The Red Mosque showdown raises four basic questions about Pakistan’s governance and the role of Islamic militancy. They are: Why couldn’t the government resolve the problem by peaceful means earlier? What was the role of religious leaders and groups? How could some religious leaders use the madrassa’s students so recklessly to pursue their self-ascribed role of enforcers of their interpretation of Islamic Sharia? Why do some people, especially traders and small businessmen, sympathise with the Red Mosque people?
...divide runs deep in the Pakistan administration and contributes to duplicity in government policy towards Islamic militants. Government inaction in the case of the Red Mosque and its ambiguous stance towards the Taliban are manifestations of this divide. They also enable Islamic militants to get informal access to the ruling PML and the Pakistani administration. The hardliners’ sympathisers dilute the resolve of the government to deal firmly with them. Had the Red Mosque people not kidnapped the Chinese, their sympathisers would have continued to block tough action against them.
Most Islamic parties and groups supported the Red Mosque’s goal of Islamisation of the Pakistani state and society but disagreed with its tactics. The Muttahida Majlis-i-Amal (MMA) disowned them and the federation of various madrassa management boards de-affiliated Hafsa. Several other Islamic leaders adopted the same strategy. However, they neither used their clout to restrain the management of the Red Mosque nor did they support the government’s action. They treated them as a break-away group and watched how far they could go in their stride to challenge the government.

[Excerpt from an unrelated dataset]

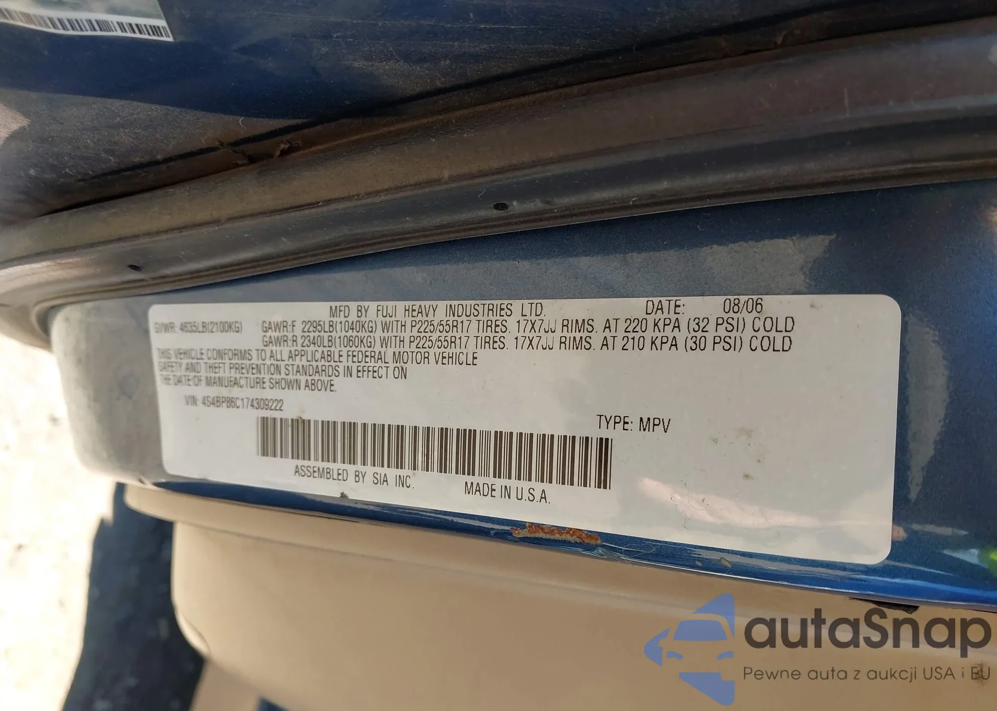 • VIN 4S4BP86C174309222

This episode shows that the Red Mosque leaders, who encouraged some students to become suicide bombers, used madrassa students for their political ends. Other Islamic activists have also attempted to mobilise a whole student generation in regular universities and colleges for their political agendas. They emphasise ritualised Islamisation rather than working to improve citizens’ quality of life.

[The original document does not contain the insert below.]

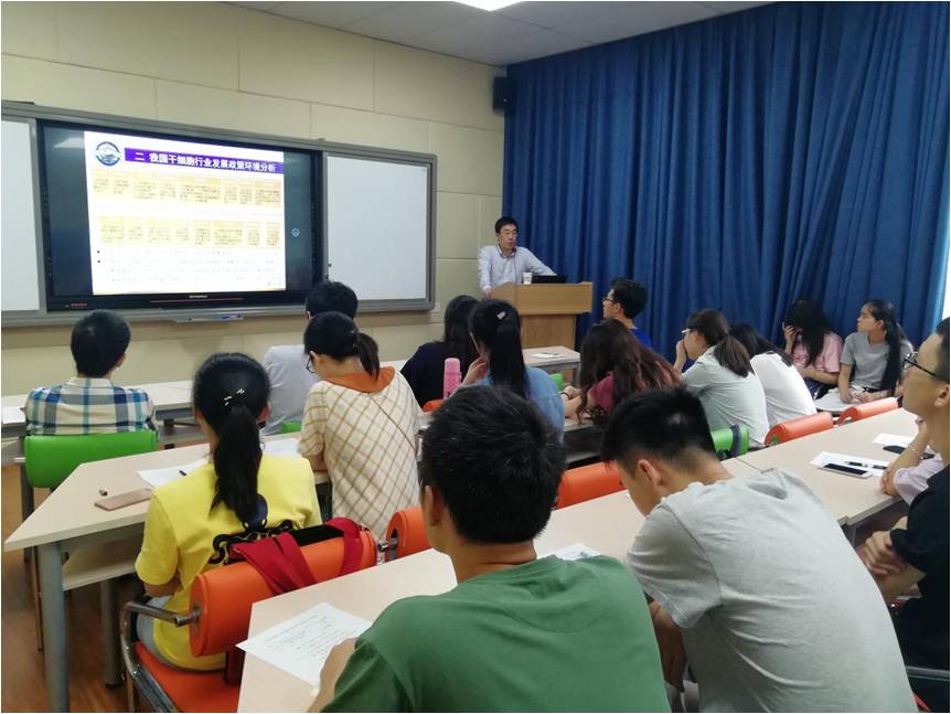 7月4日下午,我院邀请南京大学医学院附属鼓楼医院临床干细胞实验室主任、东南大学兼职教授王斌来校开展了主题为《干细胞技术的发展与应用——南京鼓医模式》的学术讲座,我院院长肖国生、教师戚文华、杜慧慧、江林娟,以及生工院40多名学生积极参加了此次讲座。

The Red Mosque confirms that some madrassas continue to serve as sanctuaries of extremism and militancy. This raises the question of what happened to the government’s madrassa reforms.
...Consequently, one Pakistani generation has fully internalised Islamic discourse on domestic and global affairs. This shapes their worldview and creates a strong sympathy for the goals, if not the strategies, of militant Islamic movements. There is an in-built sympathy in the state apparatus and society for Islamic discourse as opposed to liberal and moderate political and social discourse. This has two implications.
First, at least one Pakistani generation identifies so closely with the Islamic discourse that it could be described as suffering from ‘Stockholm syndrome’. They are now passing on this syndrome to the next generation. Second, the liberal discourse has been pushed to the sidelines and it is no longer fashionable to act on liberal and moderate political discourse.
The on-going lawyers’ movement is making an earnest effort for the first time since the early 1980s to revive a liberal and moderate political discourse as the main vehicle for popular mobilisation. This engenders the hope that the people will start openly identifying with the alternate political discourse.
The Red Mosque episode represents a harmful trend in Pakistani society, which undermines the state’s capacity to function effectively as a political entity. If this trend is not moderated by popularising an alternate political discourse and increasing participatory opportunities, Pakistan is likely to face more internal convulsions, no matter who rules.